Want to Search any kind of PDF and other types of documents in one single coulmn [message #188177] |
Thu, 17 August 2006 06:31 |
Bharath Kumar ,V
Messages: 18 Registered: February 2004
|
Junior Member |
|
|
Hi,
Want to Search any kind of PDF and other types of documents in one single coulmn
The text search was working fine for all types of documents,except it was not able to search certain pdf files. The documents name and paths were stored in the base table in varchar2 fileds
In order to get a solution, I went to the link
http://www.oracle.com/technology/products/text/htdocs/altfilters.htm
I choose XPDF way using user_filter. But now it is working only for PDF files (all kinds of PDF). It is not searching any other types of documents(like txt,html,xml and etc.,). I want to know, how to make it search all kinds of PDF as well as other types of documents also. Somewhere I understand, I have to create two filters, one(user_filter) for PDF and another for rest of the document types and comnine these two filters in creating an index. But not sure how to do this OR is there any other way?
The steps I have done for user_filter are as follows
begin
ctx_ddl.create_preference('DFILENAME','FILE_DATASTORE');
end;
begin
ctx_ddl.create_preference ('my_xpdf_filter', 'user_filter');
end;
begin
ctx_ddl.set_attribute('my_xpdf_filter', 'command', 'pdftotext.exe');
end;
create index docs_bak_idx on DOCS_BAK (DOC_PATH_FILENAME)
indextype is ctxsys.context
parameters ('Datastore DFILENAME filter my_xpdf_filter');
And finally made it as a job for sync index every 2 minutes.

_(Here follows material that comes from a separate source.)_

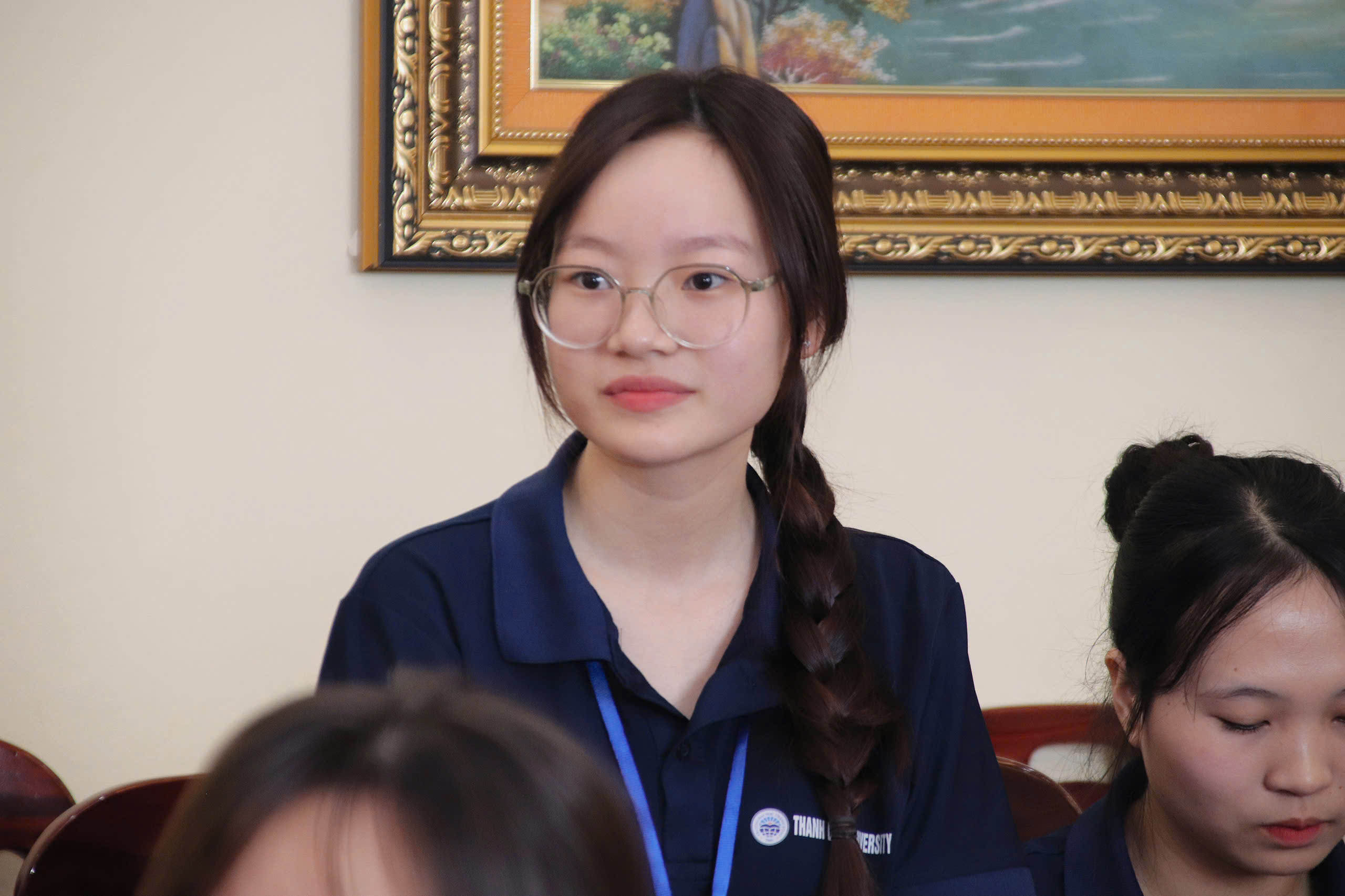Trong phần trao đổi, sinh viên ngành Ngôn ngữ Trung Quốc đã chủ động đặt câu hỏi liên quan đến điều kiện tham gia, môi trường làm việc và chế độ thực tập. Sự quan tâm và tinh thần cầu thị của sinh viên cho thấy sức hút của chương trình cũng như nhu cầu trải nghiệm môi trường quốc tế ngày càng cao.

If possible this post can be treated as URGENT.
Thanks
|
|
|
Re: Want to Search any kind of PDF and other types of documents in one single coulmn [message #188238 is a reply to message #188177] |
Thu, 17 August 2006 09:03 |
|
Barbara Boehmer
Messages: 9100 Registered: November 2002 Location: California, USA
|
Senior Member |
|
|
I don't think there is any way that you can combine two filters in one index like that. I think the most that you can do with one index is to have a format column where you can mark those that are just text and don't require any filter. Alternatively, you can have two separate tables, with two separate indexes, with two separate filters, and combine the search results. I recall that you posted the same question on the OTN forums a week ago. You might try posting on http://asktom.oracle.com to ask Tom Kyte. If Oracle expert Tom Kyte can't suggest something at least maybe he can confirm that it can't be done. He frequently has a large backlog of questions, but still accepts a few new ones briefly a few times per day, so you may have to check frequently to catch a time when you can post a new question. Or, if you can find a closely related thread about pdf's and filters, you might try adding your question as part of a review, which can be posted any time.
|
|
|
|